## Recorded information
*** Block opens ***

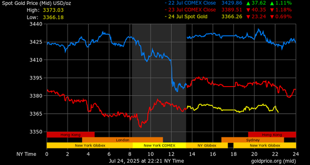 Ngoài ra, sự sụt giảm của kim loại quý này phần nào chịu ảnh hưởng bởi thị trường chung phản ứng tích cực với triển vọng mới về một thỏa thuận thương mại giữa Hoa Kỳ và Liên minh châu Âu.
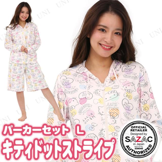 SAZAC(サザック) キティドットストライプパーカーセット ピンク L サンリオ ハローキティ ルームウェア レディースファッション レディスL 女性 長袖パーカー ひざ丈パンツ パイル生地
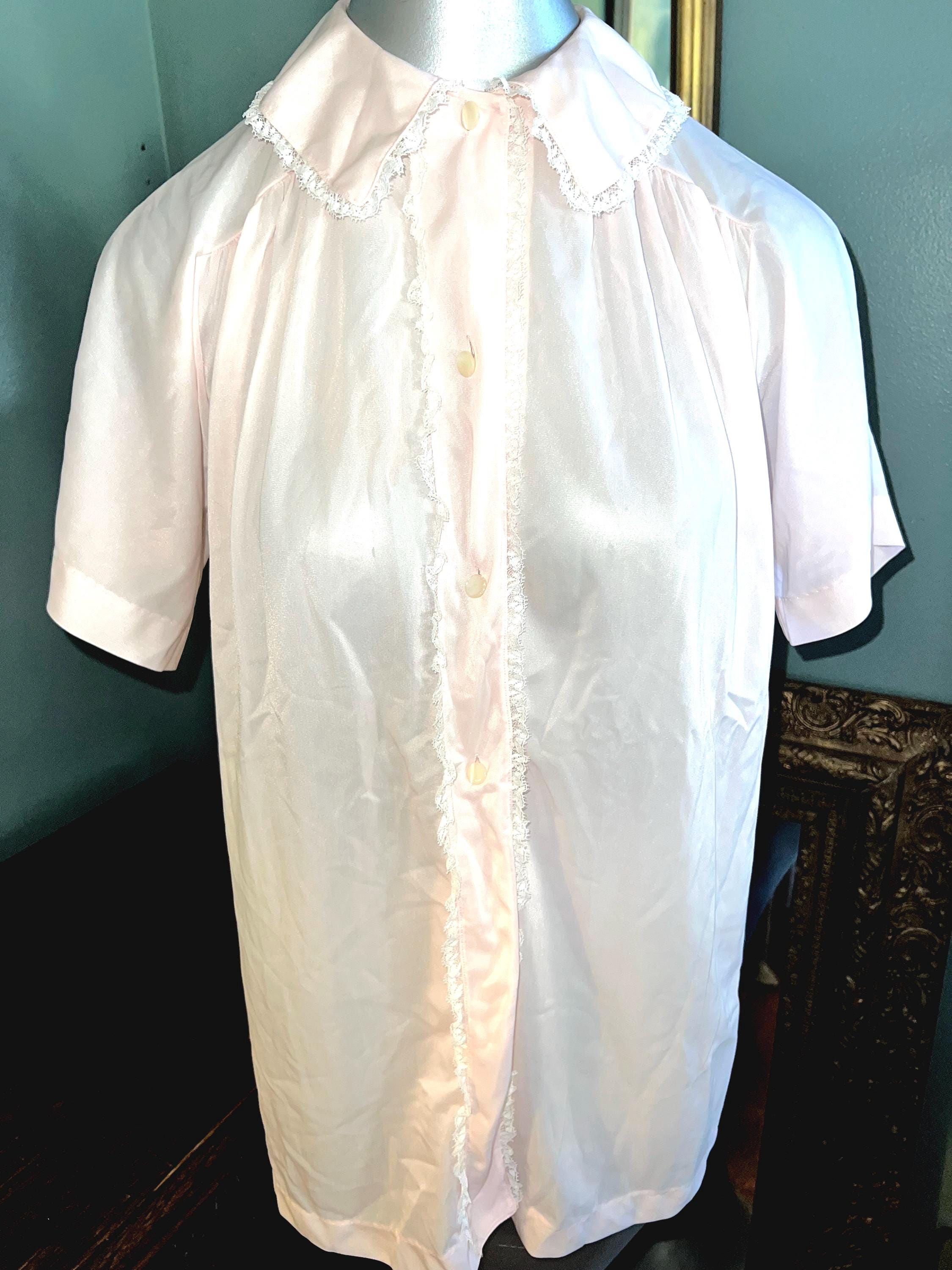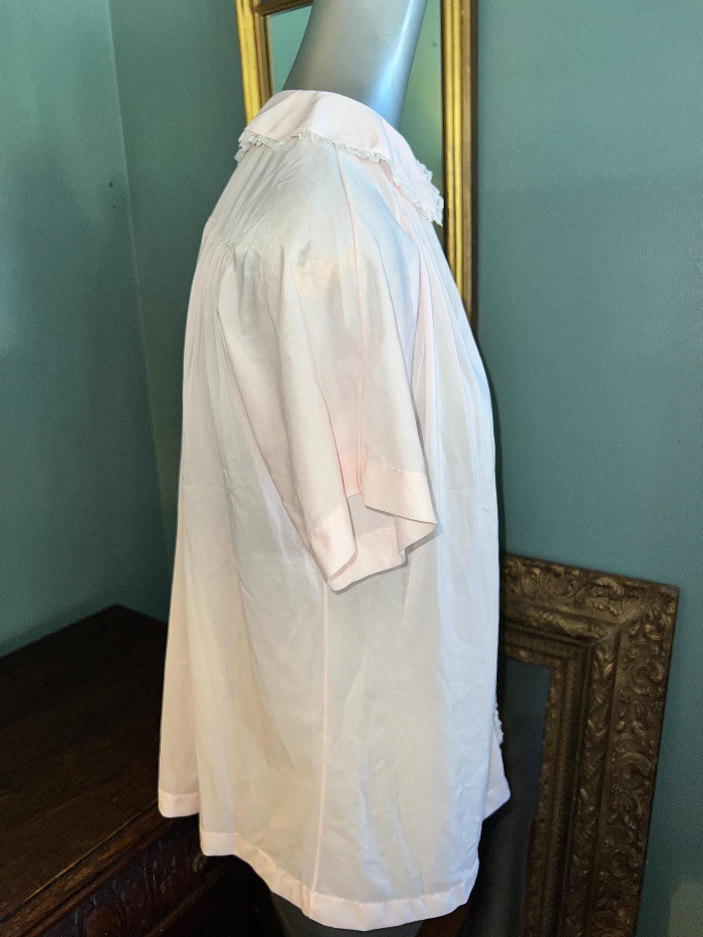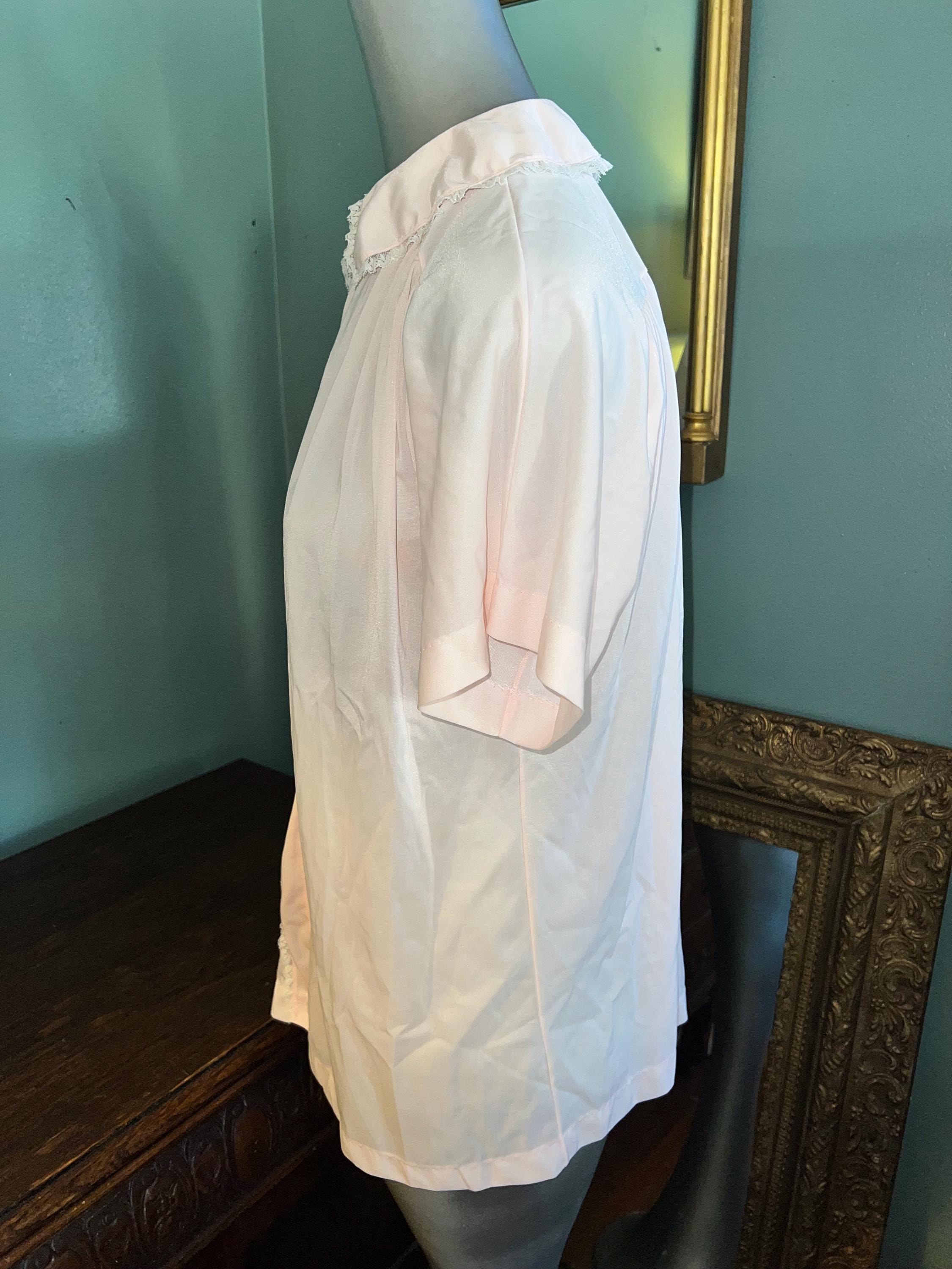 Very pretty and simple pink night shirt with lace trim. I do not have the matching pants. I think this would look amazing with jeans! It’s in good vintage condition.

*** Block closes ***

Please reproduce the listing exactly, leaving out any pictures.

## Written answer
 Ngoài ra, sự sụt giảm của kim loại quý này phần nào chịu ảnh hưởng bởi thị trường chung phản ứng tích cực với triển vọng mới về một thỏa thuận thương mại giữa Hoa Kỳ và Liên minh châu Âu.
 SAZAC(サザック) キティドットストライプパーカーセット ピンク L サンリオ ハローキティ ルームウェア レディースファッション レディスL 女性 長袖パーカー ひざ丈パンツ パイル生地
 Very pretty and simple pink night shirt with lace trim. I do not have the matching pants. I think this would look amazing with jeans! It’s in good vintage condition.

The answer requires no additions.